Soraya intentó que sus bruscos cambios de tema no le hicieran perder el equilibrio.

—No tenía a quién informar.

—Pues ahora sí lo tiene. —Cerró enfáticamente la carpeta—. Permítame un consejo, señorita Moore: no vuelva a descarriarse. ¿Entendido?

—Entendido —contestó ella escuetamente.

—Lo dudo. Verá, ha estado usted ausente varios días, así que se ha perdido una importante reunión de personal. ¿Quiere que se la resuma?

—Desde luego —contestó ella entre dientes.

—Pues dicho en dos palabras —añadió Lerner afablemente—, voy a cambiar la misión de Tifón.

—¿Qué?

—Verá, señorita Moore, lo que esta agencia necesita es más acción y menos mirarse el ombligo. Lo que los extremistas islámicos piensen o sientan nos debe traer sin cuidado. Nos quieren muertos. Así que vamos a ir al mar Rojo a patearles el culo. Es así de sencillo.

—Con su permiso, señor, esta guerra no tiene nada de sencillo. No es como otras…

—Dese por enterada, señorita Moore —le espetó Lerner tajantemente.

A Soraya empezaban a revolvérsele las tripas. Aquello no podía estar pasando. Todos los planes de Lindros, todo su arduo trabajo, se irían por el desagüe. ¿Dónde estaba Lindros cuando le necesitaban? ¿Aún vivía? Soraya tenía que creer que sí. Pero de momento era aquel monstruo quien tenía la sartén por el mango. Por suerte, al menos, el interrogatorio había terminado.

Lerner puso los codos sobre la mesa y juntó las yemas de los dedos.

—Me pregunto —dijo, cambiando de tema otra vez— si podría aclararme una cosa. —Movió la carpeta arriba y abajo como si fuera un dedo amonestador—. ¿Cómo se las han arreglado para cagarla de esa manera?

Ella se quedó muy quieta, a pesar de la rabia que recorría su cuerpo. Lerner la había inducido a creer que la entrevista había concluido. Y, de hecho, estaba empezando.

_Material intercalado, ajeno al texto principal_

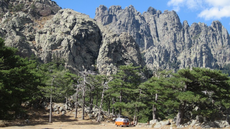 Als die Sonne über Sardinien unterging hatte das lange Warten ein Ende und wir fuhren auf die Fähre. In völliger Dunkelheit und stürmischer See ging es rüber nach Bonifacio und weiter zum „Campingplatz California“. Die Fahrt war schon etwas ungewohnt auf völlig dunklen Landstraße und ein gutes Maß an Seitenwind. Doch es gibt nichts blöderes als um 22:15 Uhr noch einen Zeltplatz auszusuchen ohne wirklich wahrzunehmen wie der Platz aussieht oder wo man sich überhaupt befindet. „Sucht euch ein Plätzchen aus!“, waren seine Worte. Letztendlich stand das Zelt vor Mitternacht und wir waren einfach nur Froh irgendwo auf Korsika angekommen zu sein.

Soraya comprendió que estaba dando rodeos en torno al verdadero motivo por el que la había mandado llamar.

—Permitió usted que Bourne sacara a Hiram Cevik de la celda. Estaba allí cuando se escapó Cevik. Ordenó la intervención de los helicópteros. —Dejó caer el dosier sobre la mesa—. ¿Me equivoco en algo?

Soraya pensó un momento en quedarse callada, pero no quería darle esa satisfacción.

—No, en nada —dijo en tono apagado.

—Era usted la agente encargada de custodiar a Cevik. La responsable.

No había nada que alegar. Soraya cuadró los hombros.

—En efecto.

—Hay motivos sobrados para despedirla, ¿no le parece, señorita Moore?

—No lo sé.

—Ése es el problema. Que debería saberlo. Igual que debía saber que Cevik no podía salir de su jaula.

Dijera lo que dijera ella, Lerner encontraba un modo de volverlo en su contra.

—Le ruego me disculpe, pero tenía órdenes de la oficina del director de facilitarle las cosas a Bourne todo lo posible.

Lerner se quedó mirándola un momento. Luego hizo un gesto casi paternal.

—¿Qué coño hace de pie? —preguntó.

Soraya se sentó en una silla, delante de él.

—Respecto al tema de Bourne. —Sus ojos se clavaron en ella—. Parece usted una experta.

—Yo no diría tanto.

—Su historial dice que trabajó con él en Odesa.

—Supongo que puede decirse que conozco a Jason Bourne mejor que muchos agentes.

Lerner se arrellanó en su silla.

—Imagino que no creerá conocer su oficio al dedillo, señorita Moore.

—No. No.

—Entonces confío plenamente en que nos llevaremos bien y en que acabará por tenerme la misma lealtad que a Martin Lindros.

—¿Por qué habla de Lindros como si estuviera muerto?

Lerner no le prestó atención.

—De momento, debo hacer frente a la situación que tenemos entre manos. Como agente al mando, la huida de Cevik es responsabilidad suya. Así pues, no me queda más remedio que pedirle su dimisión.

A Soraya se le puso el corazón en la garganta.

—¿Mi dimisión? —logró decir a duras penas.

Lerner la taladró con la mirada al contestar:

—Una dimisión quedará mejor en su expediente. Eso hasta usted debe comprenderlo.

Soraya se levantó de un salto. Lerner había jugado con ella hábilmente y con toda crueldad, lo cual la enfurecía aún más. Odiaba a aquel hombre y quería que se enterara. Si no, no le quedaría ni una pizca de autoestima.

—¿Quién coño se ha creído que es, viniendo aquí y avasallando a todo el mundo de esa manera?

—Se acabó, señorita Moore, hemos terminado. Recoja sus cosas. Está despedida.